* Work task:
Which lines of the records contain the word "from"? Show each of them.

* Data to process:

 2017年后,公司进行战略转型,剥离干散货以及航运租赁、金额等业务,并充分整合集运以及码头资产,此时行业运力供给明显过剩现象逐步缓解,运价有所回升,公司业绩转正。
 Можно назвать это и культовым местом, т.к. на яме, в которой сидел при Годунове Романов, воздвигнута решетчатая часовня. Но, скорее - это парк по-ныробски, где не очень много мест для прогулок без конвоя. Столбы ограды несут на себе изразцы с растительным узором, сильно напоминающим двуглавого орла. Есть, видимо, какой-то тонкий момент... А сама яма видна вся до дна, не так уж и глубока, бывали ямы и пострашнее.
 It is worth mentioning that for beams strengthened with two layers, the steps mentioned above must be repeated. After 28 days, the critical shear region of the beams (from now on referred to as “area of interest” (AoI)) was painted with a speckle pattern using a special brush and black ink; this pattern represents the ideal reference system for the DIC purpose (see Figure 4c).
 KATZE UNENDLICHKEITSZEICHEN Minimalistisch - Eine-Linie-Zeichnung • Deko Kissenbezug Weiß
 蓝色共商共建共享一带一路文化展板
...
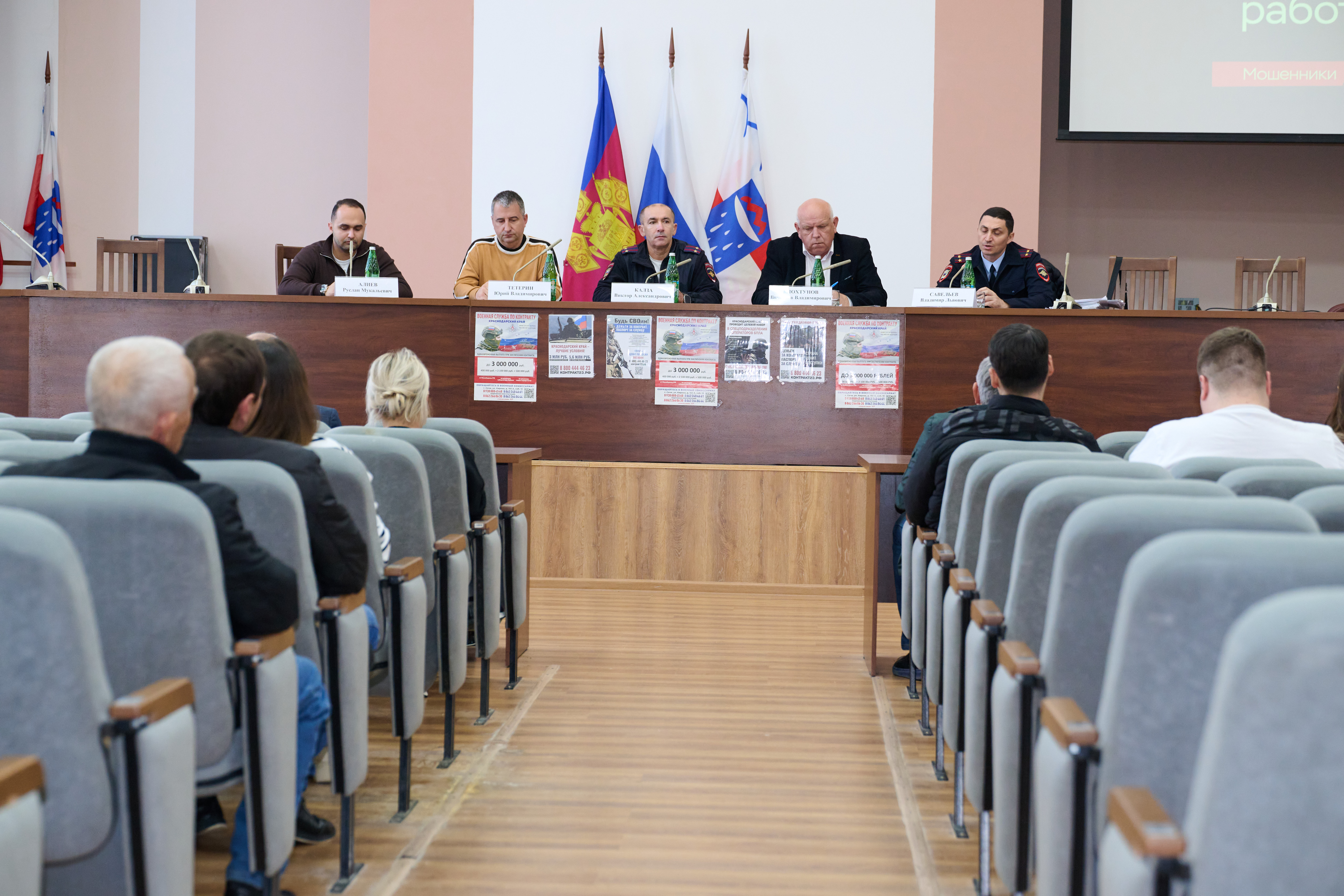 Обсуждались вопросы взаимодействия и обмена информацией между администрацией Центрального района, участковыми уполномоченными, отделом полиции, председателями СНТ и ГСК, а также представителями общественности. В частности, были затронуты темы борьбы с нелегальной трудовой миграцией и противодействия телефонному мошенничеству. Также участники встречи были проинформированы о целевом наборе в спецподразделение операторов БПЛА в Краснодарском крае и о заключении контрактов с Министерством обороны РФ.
==
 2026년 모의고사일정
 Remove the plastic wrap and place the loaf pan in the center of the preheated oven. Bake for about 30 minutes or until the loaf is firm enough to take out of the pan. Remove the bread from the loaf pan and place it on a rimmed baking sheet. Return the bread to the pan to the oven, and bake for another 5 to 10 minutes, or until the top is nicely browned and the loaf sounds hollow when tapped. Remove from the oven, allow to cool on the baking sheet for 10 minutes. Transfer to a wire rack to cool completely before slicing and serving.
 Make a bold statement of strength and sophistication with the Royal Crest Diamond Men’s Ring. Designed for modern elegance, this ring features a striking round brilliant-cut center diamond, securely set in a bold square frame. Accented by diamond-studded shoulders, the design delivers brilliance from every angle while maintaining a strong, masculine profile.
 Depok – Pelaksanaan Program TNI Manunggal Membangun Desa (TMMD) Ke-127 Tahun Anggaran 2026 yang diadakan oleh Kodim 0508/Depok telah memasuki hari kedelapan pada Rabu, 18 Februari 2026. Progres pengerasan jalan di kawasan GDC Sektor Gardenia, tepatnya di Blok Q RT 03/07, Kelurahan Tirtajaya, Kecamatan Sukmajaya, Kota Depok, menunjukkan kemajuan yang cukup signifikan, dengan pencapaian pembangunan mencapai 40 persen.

* Solution to the problem:
 It is worth mentioning that for beams strengthened with two layers, the steps mentioned above must be repeated. After 28 days, the critical shear region of the beams (from now on referred to as “area of interest” (AoI)) was painted with a speckle pattern using a special brush and black ink; this pattern represents the ideal reference system for the DIC purpose (see Figure 4c).
 Remove the plastic wrap and place the loaf pan in the center of the preheated oven. Bake for about 30 minutes or until the loaf is firm enough to take out of the pan. Remove the bread from the loaf pan and place it on a rimmed baking sheet. Return the bread to the pan to the oven, and bake for another 5 to 10 minutes, or until the top is nicely browned and the loaf sounds hollow when tapped. Remove from the oven, allow to cool on the baking sheet for 10 minutes. Transfer to a wire rack to cool completely before slicing and serving.
 Make a bold statement of strength and sophistication with the Royal Crest Diamond Men’s Ring. Designed for modern elegance, this ring features a striking round brilliant-cut center diamond, securely set in a bold square frame. Accented by diamond-studded shoulders, the design delivers brilliance from every angle while maintaining a strong, masculine profile.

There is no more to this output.